I bring this up because today is Holy Friday, when we remember that bad things happened (and happen) to good people. It is important to remember, not only the victims/martyrs, but also what caused/allowed human beings to be so cruel. Zimbardo's work details the processes by which ordinary human beings because incrementally evil through the influence of their environment. I also just finished reading Tom Wolfe's I Am Charlotte Simmons, where an 18 year old star student from the back country of North Carolina attends an Ivy League college and is corrupted by her environment. The young protagonist's moral fiber is unable to withstand the bacchanalia of a fraternity formal.

Both Zimbardo and Wolfe reaffirmed my commitment to contemplative prayer -- and to teaching contemplation to people of all ages. Without a developed interior life you are left without a ballast -- without any way of defending yourself against the influences of your environment. Charlotte thought she was being set free when she escaped North Carolina; instead, she was cast adrift. The soldiers at Abu Ghraib did not liberate the Iraqis, they captured, tortured, and humiliated them.

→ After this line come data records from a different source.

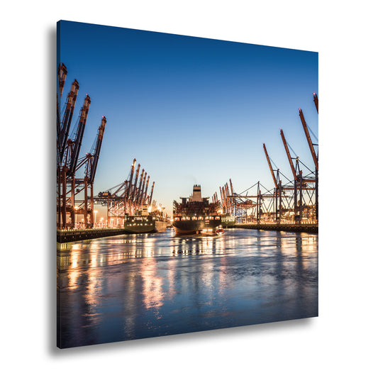 Leinwandbild Glitzernde Hafenlichter zwischen Stahl und Wasser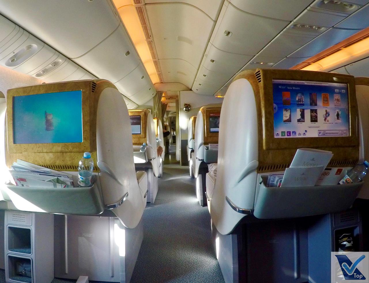 – a “máquina” escalada para este voo tinha o prefixo A6-ECX, entregue à EMIRATES em 25.11.2009 (que linda data! dia que fiz 35 anos…) e está muitíssimo bem conservado; lembrando: a classe Executiva pode acomodar até 42 “sortudos” (neste dia, somente 20 ocupavam) em 06 fileiras com 07 poltronas; na Econômica são até 304 passageiros e mais 08 na Primeira Classe; a configuração de cabine é 2 x 3 x 2, que é um ponto negativo: enquanto outras cabines de companhias “de luxo” permitem que todos os passageiros da Business Class tenham acesso direto ao corredor, isto não acontece com este Boeing da EMIRATES, na verdade, apenas 12 pessoas têm o “benefício”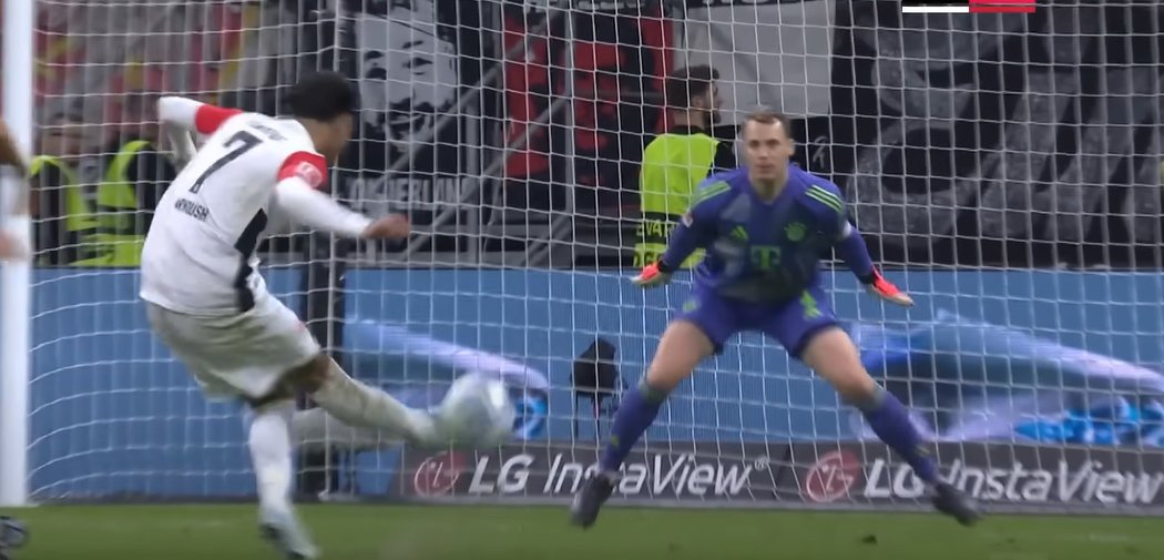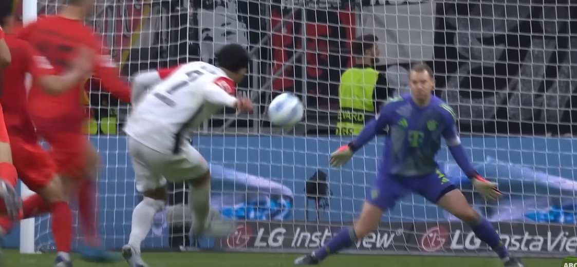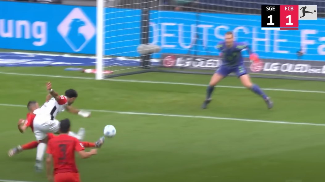 Ist trotzdem crazy, dass #Neuer überhaupt Anstalten macht diesen Ball abfangen zu wollen. #Duran ist klar vor ihm am Ball & Upamecano wäre bei einer Mitnahme auch dran. Da muss er sich absetzen, Tiefe schaffen & sich auf die Torverteidigung fokussieren.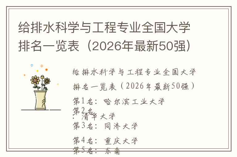 给排水科学与工程专业全国大学排名一览表(2026年最新50强)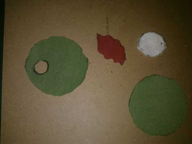 En primer lugar crear dos círculos gemelos (sobre el tamaño de su puño o Palma) y en una de las copias que hiciste, corte un pequeño agujero (utiliza el tamaño de mi rueda de hilo cosita para medir esto) en la parte superior de cada lado (según el lado que desee, se trata de los ojos saltones)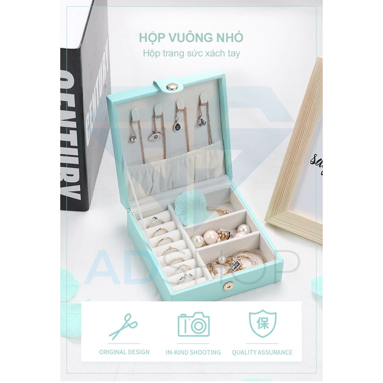 Hộp đựng trang sức nhẫn mini da cao cấp 3 tầng đựng đồ nữ trang sang trọng

The same case could be made on a larger scale for what allowed, in the parlance Daniel Jonah Goldhagen book title, ordinary Germans to become "Hitler's Willing Executioners." Many of those ordinary Germans were Christians, who did not have a sufficient interior life to resist the Nazification all around them. There were notable examples like Dietriech Bonheoffer's Underground Seminary, which took spiritual disciplines seriously -- allowing them to critically examine and resist fascism and totalitarianism. Contemplation and spiritual disciplines are not the only path to individuation, the only way to develop defense mechanisms against "group think," but contemplation is one way, the best way for me.

Incidentally, I use the name "Holy Friday" instead of Good Friday because I don't believe in substitutionary atonement. So, Jesus' death doesn't seem particularly "good" to me. Jesus' death at the hands of the Roman Empire is what almost always happens when God's way meets the way of the world. It is a holy event, a martyrdom that should be remembered. But it is not good or redemptive in the sense that Anselm meant it. To use a vivid image from Dallas Willard, I'm not a vampire Christian: someone who is only interested in Jesus for his blood. John Dominic Crossan has recently published a book on this point: God and Empire: Jesus Against Rome, Then and Now.

1 comment:

Unknown said...

Salvation via violence certainly proliferates violence. Another problem, too, is a "gospel" that brands Judaism as the decrepit faith of old. What book did I read about Nazi pagan practices -- I think there was some blood-drinking. It may have been Christine Wicker's "Not in Kansas Anymore."